The reason for different nock receivers is to orient the nock to the particular type of fletching (r/l helical, straight.) With press-in nocks, this is not much of an issue as you can simply rotate the nock to the desired position. I use to overcome this with aluminum arrows and glue-on nocks by simply doing a friction fit with no glue and then glueing the nocks at the desired position after they were fletched up. If you rotate the nock, you loose the ability to precisely refletch a single feather. The clamp and jig are the same whichever nock receiver you use and has no effect on the quill's orientation to the shaft. I've never seen or heard of a TM nock but then I haven't bought any new Bitzys in quite a while. Someone in another thread talked about an adjustable nock which is a neat idea but I've never seen one of them either. 

I believe you'll find that changing clamp types is no small thing as it takes a bit of tweaking to get things just right. I find helical fletching especially difficult to get the best fit. I found it easier and less frustrating to simply get jigs in the styles I prefer and have both straight left off-set and left helical. These jigs have the proper receivers and I still rotate the nocks to where I want them, LOL. They are spendy little things and I added a jig here and there over several years to get what I have. 

Lastly, if you know which jig you want, I'd buy that one and not plan to buy parts for one that appears to be a good deal as you really won't save much/any.


----------



## arrowshooters (Jun 5, 2006)

CCArrows said:


> I am sorry, but I must disagree with Arrowshooters. I have been using a Bitz for years. Doing both straight and helical fletching. My experience has been that if you do not use the matching nock receiver, the Bitzenburger cannot be adusted properly. The base of the vane or feather will not lie correctly on the arrow shaft causing gapping glue lines or poor attachment of the fletching.


Just to clarify, this if from the Bitz site:

Feather spacing of 3 fletch 120º, 4 fletch 75º x 105º, and 4 fletch 90º can be selected by a slight screw adjustment. Optional nock receivers available to achieve 60º x 120 º 4 fletch or 120 º 3 fletch cock vane down or up. 

As far as I now, the only way to adjust for proper contact between the base of the vane and the shaft is with the dials on top of the jig that adjust the clamp orientation. This would be true for both Straight and Helical fletching. Say if you bought a Bitz with a straight clamp and wanted to start fletching Right Helical, you would buy the proper helical clamp and need to readjust the dials for proper fit to the shaft. But then maybe I can learn something new. I've only been using my Bitz for fletching carbon arrows one way with 4" vanes then Blazers. Once I have it adjusted I don't need to touch it.


----------



## TN ARCHER (Jan 31, 2007)

I have a Bitz jig. I originally bought it with a straight clamp. I have since purchased a right helical clamp. I only shoot with helical fletchings.

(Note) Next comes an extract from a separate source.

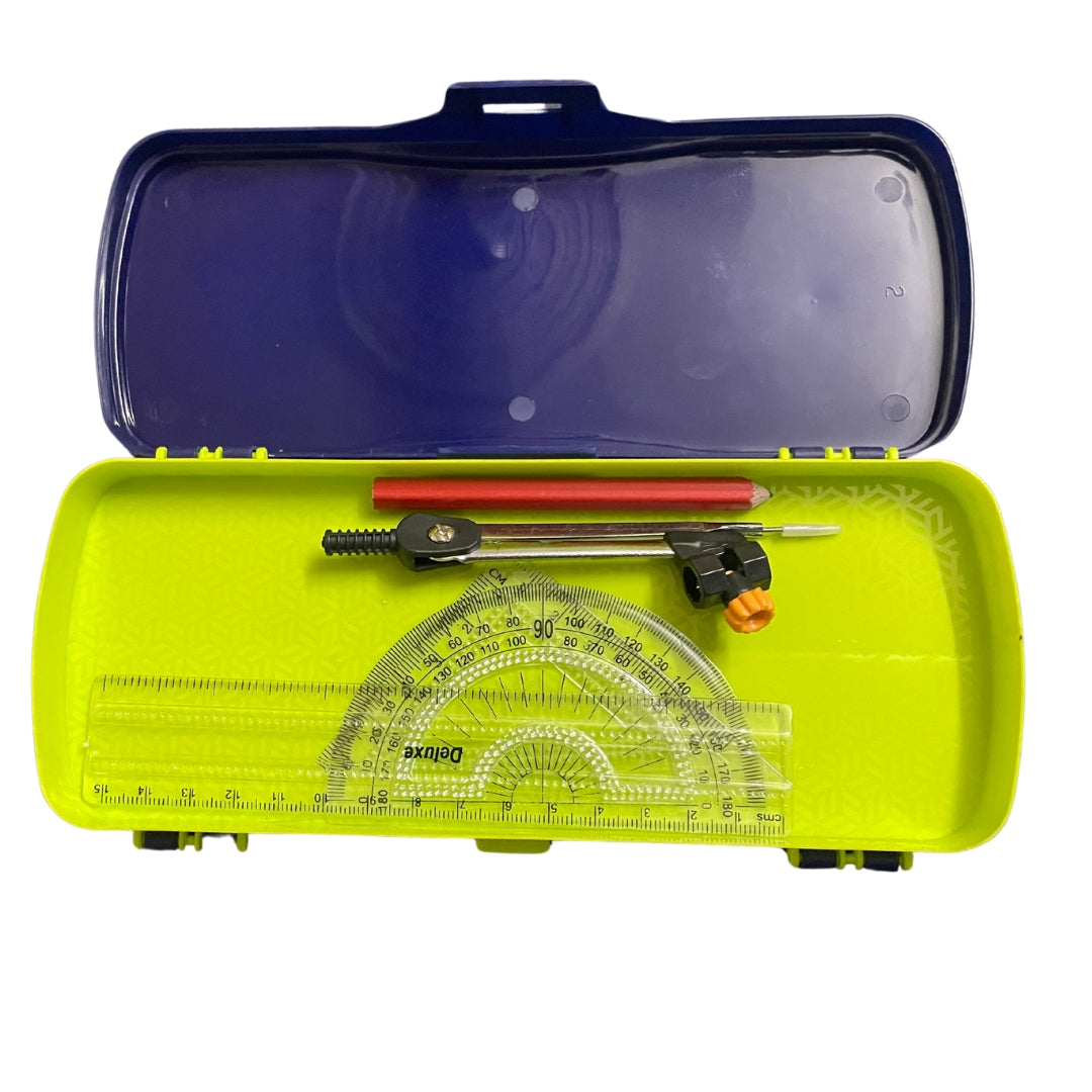Maxo Size: These are large-capacity boxes with dual compartment layout to neatly store pencils, pens, rulers (up to 15 cm), erasers, sharpeners, and even geometry tools.

I use Predator vanes and Vanetech vanes, 2.3". 

My neighbor likes to still shoot aluminum arrows with the glue on nocks. I offered to refletch his arrows, not realizing the issue with the nocks.

So, what I found I could do is, first, fletch a hen vane/feather. Second, fletch the cock vane/feather. Third, fletch the last hen vane/feather.

The result is the cock vane/feather is oriented on the arrow for a 12 0'clock position or a 6 o'clock position. this works just as well for carbon arrows so you don't ware out your nocks twisting them into position. This of course, is for fletching 3 @ 120 deg.


----------